Place kicking has become increasingly important in high school football. Long gone are the days when coaches would line their players up to see if they could kick the ball 20 yards accurately for the extra point. Prayer was the best option for a field goal. Now, the field goal has become a weapon.
In Connor Mendini, Holmdel High School has one of the most promising kickers in the state and maybe the country. He recently returned from Austin, Texas where he took part in the Kicking World National Showcase. The sophomore Hornet earned the invitation via his performance at a Kicking World Camp in Toms River last summer. More than 1,200 high school kickers and punters participated in camps across the country, and only 90 invitations to the national showcase were handed out.
Mendini attended the camps at Wayne and Toms River just to “test myself against other people,” he said. The Hornet said he had no idea that an invitation to the showcase was in the offing.
Place kickers were judged on their consistency, power, distance and accuracy, showcase owner Brent Grablachoff explained.

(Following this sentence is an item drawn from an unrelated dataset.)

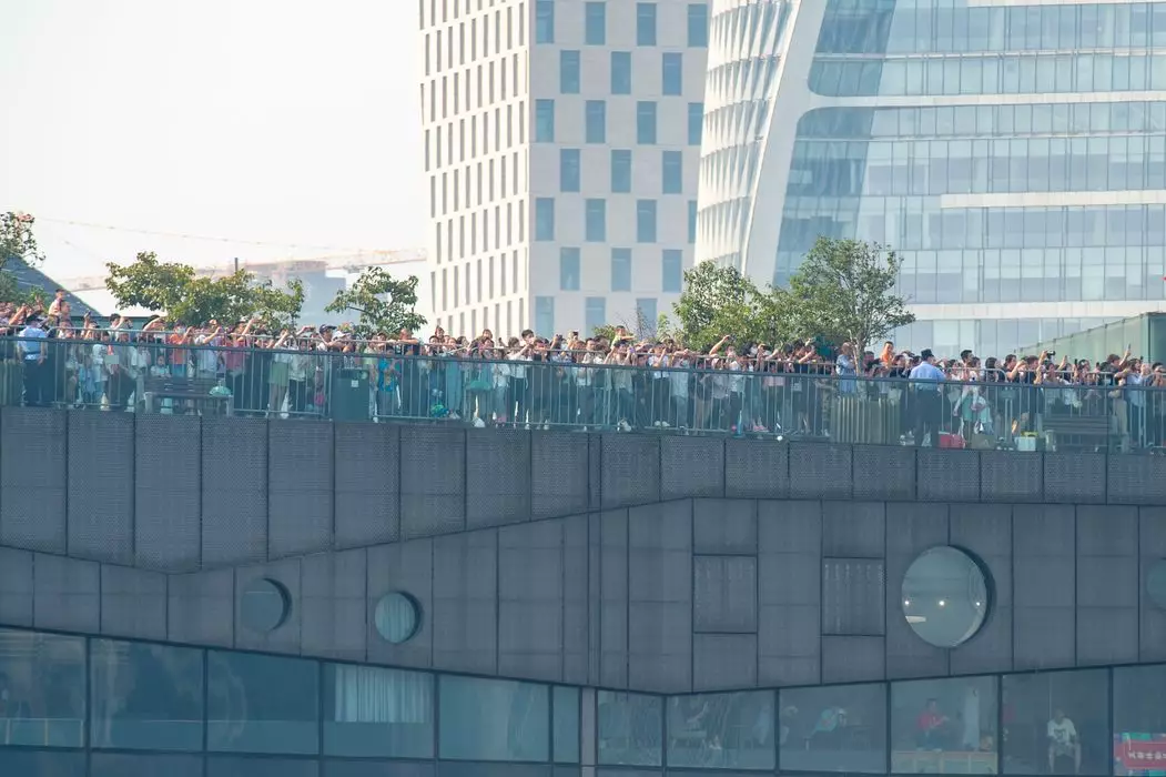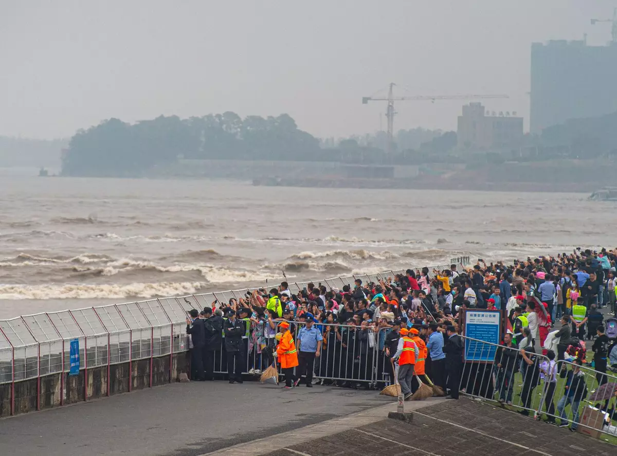 兩萬多名觀潮者聚集,爭相目睹「一綫潮」。

Making 50- and 55-yard field goals impressed Grablachoff enough to invite Mendini to the national showcase. What Grablachoff remembers about Mendini is “the way he hit the ball. It jumped off his foot.” He said Mendini is in the top 10 of kickers in the country in his age group.
Grablachoff knows the importance of kicking. He was a place kicker for Toms River North High School and then Montclair State University. His nationwide camps provide teaching instruction, drills and competition for the kickers.
Because of kicking’s importance, scholarships are now available to players of that position, and Grablachoff wants his camps to open doors to those scholarships.
Participating at the camps and showcase, Mendini noted, gave him added confidence and the opportunity to meet kickers from around the country.
Holmdel football Coach Jeff Raines didn’t need Mendini’s showcase participation to know how good and valuable he is.
“We are very excited about his development,” said Raines. “He is definitely a kid that could project onto the college level. From a team point of view, we think he can be real weapon from a field position perspective as well as his ability to shorten the field with long field goals.”
Last season, Mendini was a perfect 22-22 in PATs and booted a 35-yard field goal.
Just as kickers have become more important to the game, they are no longer looked at as separate from other players. They put in as much time at their craft as anyone on the team.
“I’m just part of the team,” Mendini pointed out. “I lift in the weight room with the team every day.”
As for the pressure that goes with the job (game-winning or tying PATs or field goals), Mendini doesn’t think about it.
“I remind myself that I’ve done this before,” he explained.
How Mendini became Holmdel’s place kicker is right out of a movie. He played travel soccer prior to high school. He was friends with football players, and that led him to give place kicking a try. In eighth grade, he started kicking. One day before his freshman year, he was down on the Hornets’ gridiron kicking field goals. His friends recorded the kicks and put the video online where Raines could see.
“Coach Raines saw me kick 50-yarders on the field,” Mendini said.
He made the varsity squad as a freshman, giving the team an additional weapon.